Energy-efficiency carbon offsets are a specific type of carbon offset that upgrade conventional systems into ones that use less energy to perform the same task.
How Are Carbon Offsets Defined
Carbon offsets play a crucial role in reducing our carbon footprint, the amount of CO2 emissions associated with an individual or an entity.
“Carbon footprint: the amount of greenhouse gasses and specifically carbon dioxide emitted by something (such as a person’s activities or a product’s manufacture and transport) during a given period”
Merriam Webster
Basically, a carbon footprint is the amount of carbon emitted by an activity or an organization. This includes GHG emissions from fuel that we burn directly (e.g., heating a home and driving a car) and GHG emissions from manufacturing the products that we use (e.g., power plants, factories, and landfills).

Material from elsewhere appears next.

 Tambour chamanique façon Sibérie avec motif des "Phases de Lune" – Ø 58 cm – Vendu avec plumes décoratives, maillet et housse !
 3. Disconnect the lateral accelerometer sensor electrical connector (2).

One way to reduce our carbon footprint is via the use of carbon offsets. These are reductions in GHG emissions that are measured in tons of CO2 equivalents and are bought and sold through international brokers, online retailers, and trading platforms.

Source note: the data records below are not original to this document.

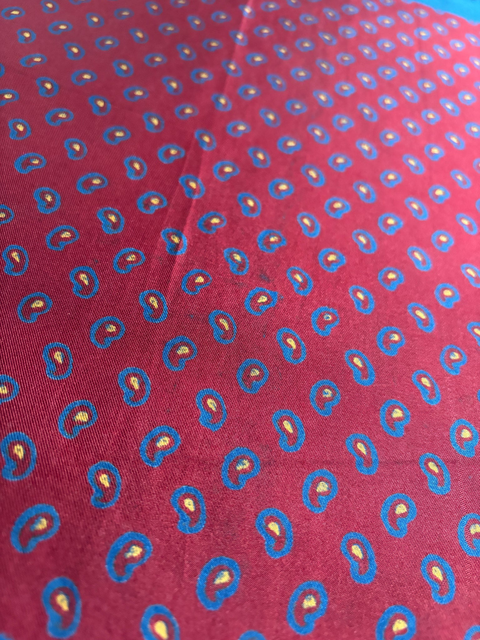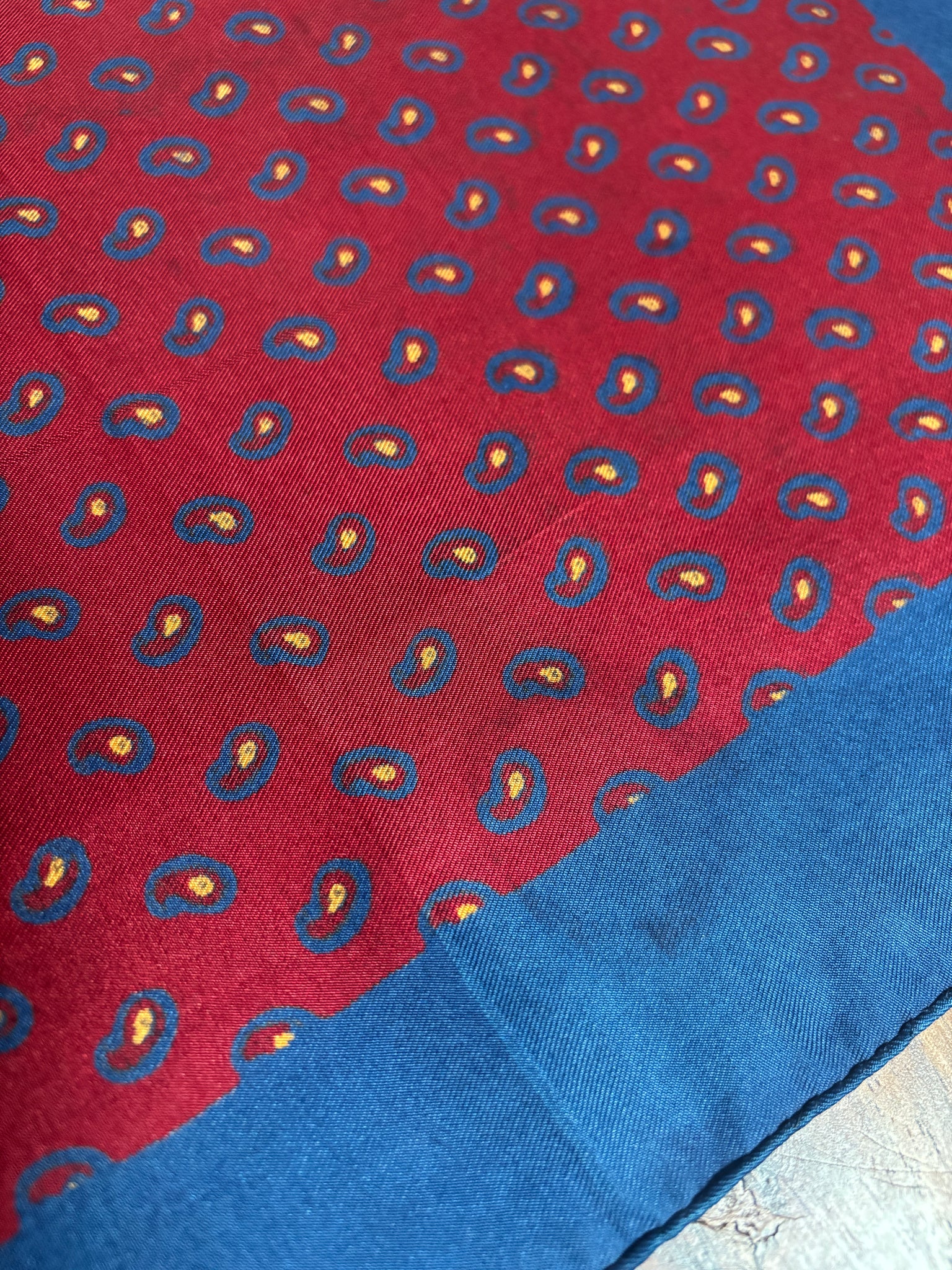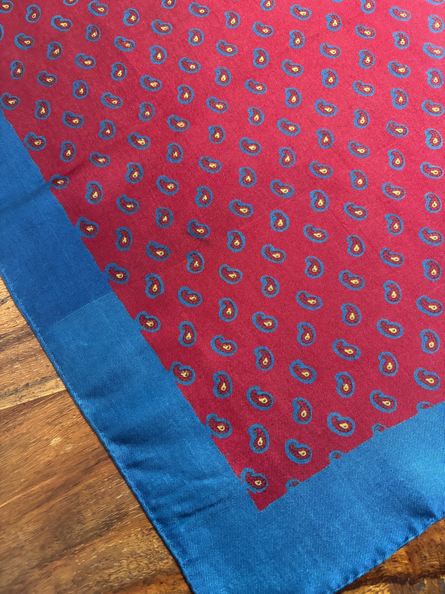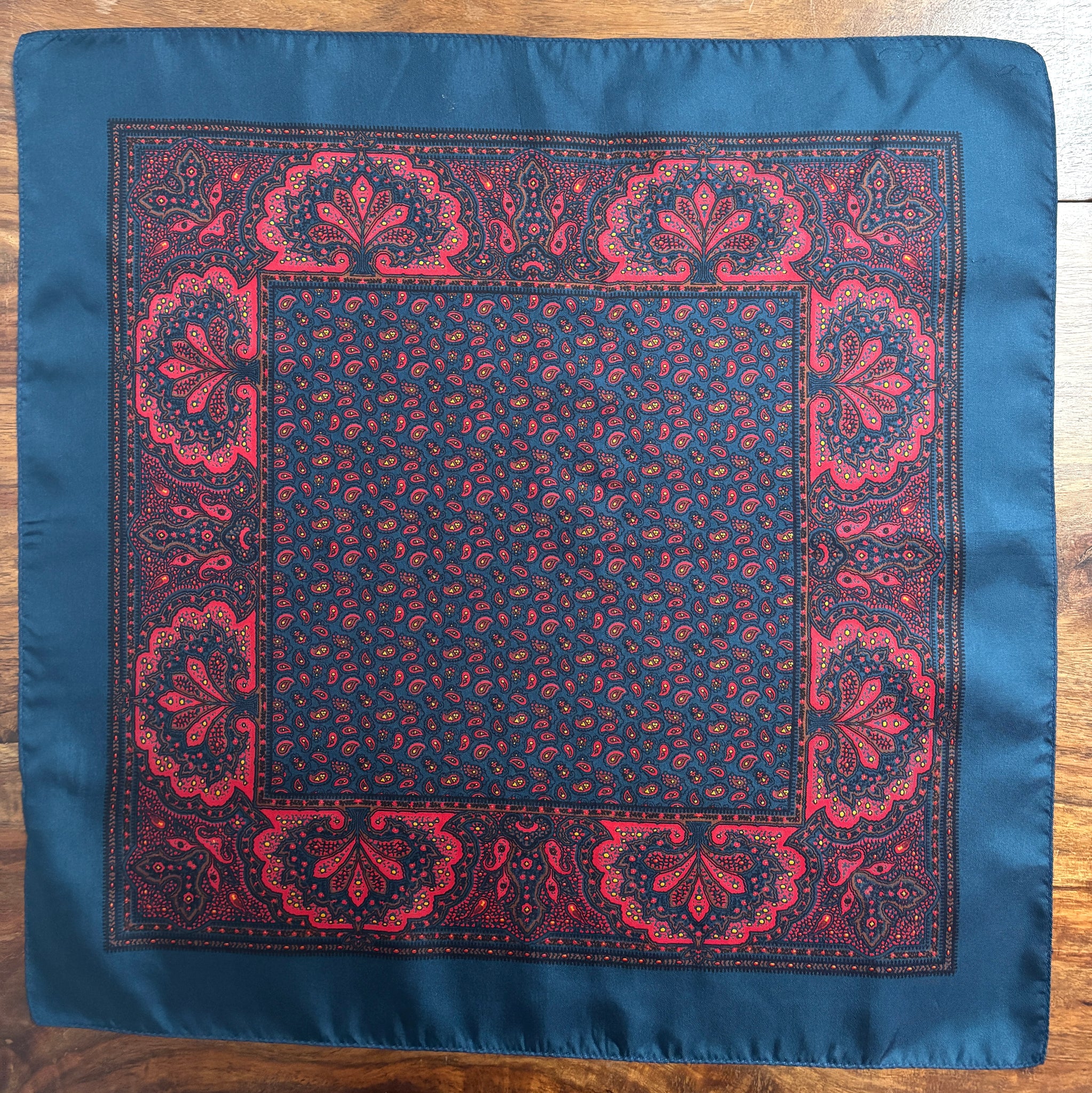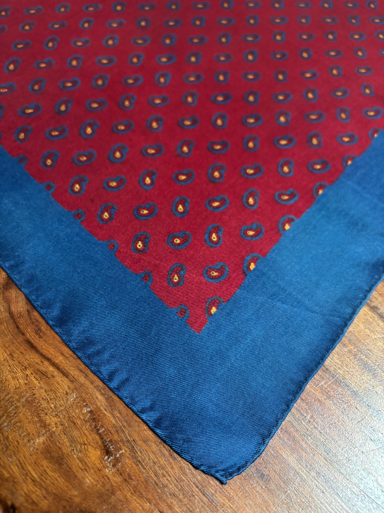 1/ Pochette paisley rouge et bleue en soie, fabriquée en Angleterre
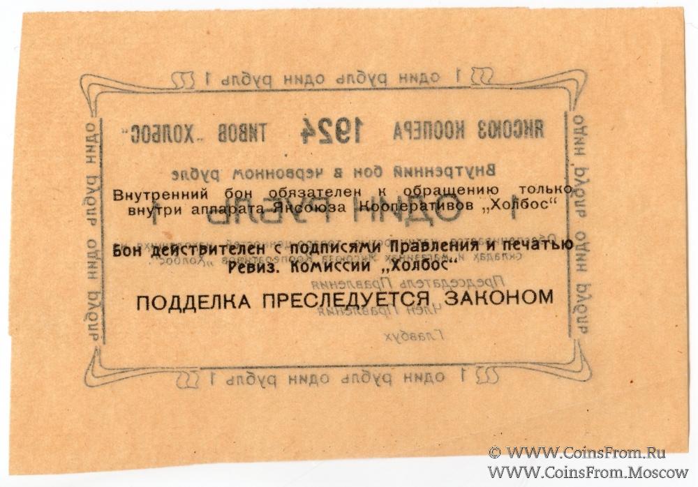 Внутренний бон в червонном рубле. Бланк. Яксоюз кооперативов "Холбос".
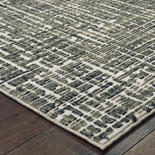 10' X 13' Grey And Ivory Abstract Power Loom Stain Resistant Area Rug

“Carbon offset: a way for a company or person to reduce the level of carbon dioxide for which they are responsible by paying money to a company that works to reduce the total amount produced in the world, for example by planting trees”
Oxford Dictionary
When you hear the words “carbon offset”, think about the term “compensation”. Essentially, carbon offsets are reductions in GHG emissions that are used to compensate for emissions occurring elsewhere. Carbon offsets can range anywhere from a couple of hundred tons of CO2 per program per year to thousands of tons of CO2 per program per year.
How Are Energy-Efficiency Carbon Offsets Defined
Energy efficiency describes products or systems that use less energy than conventional systems to perform the same task. Energy-efficiency carbon offsets are a specific type of carbon offset that upgrade conventional systems into energy-efficient ones.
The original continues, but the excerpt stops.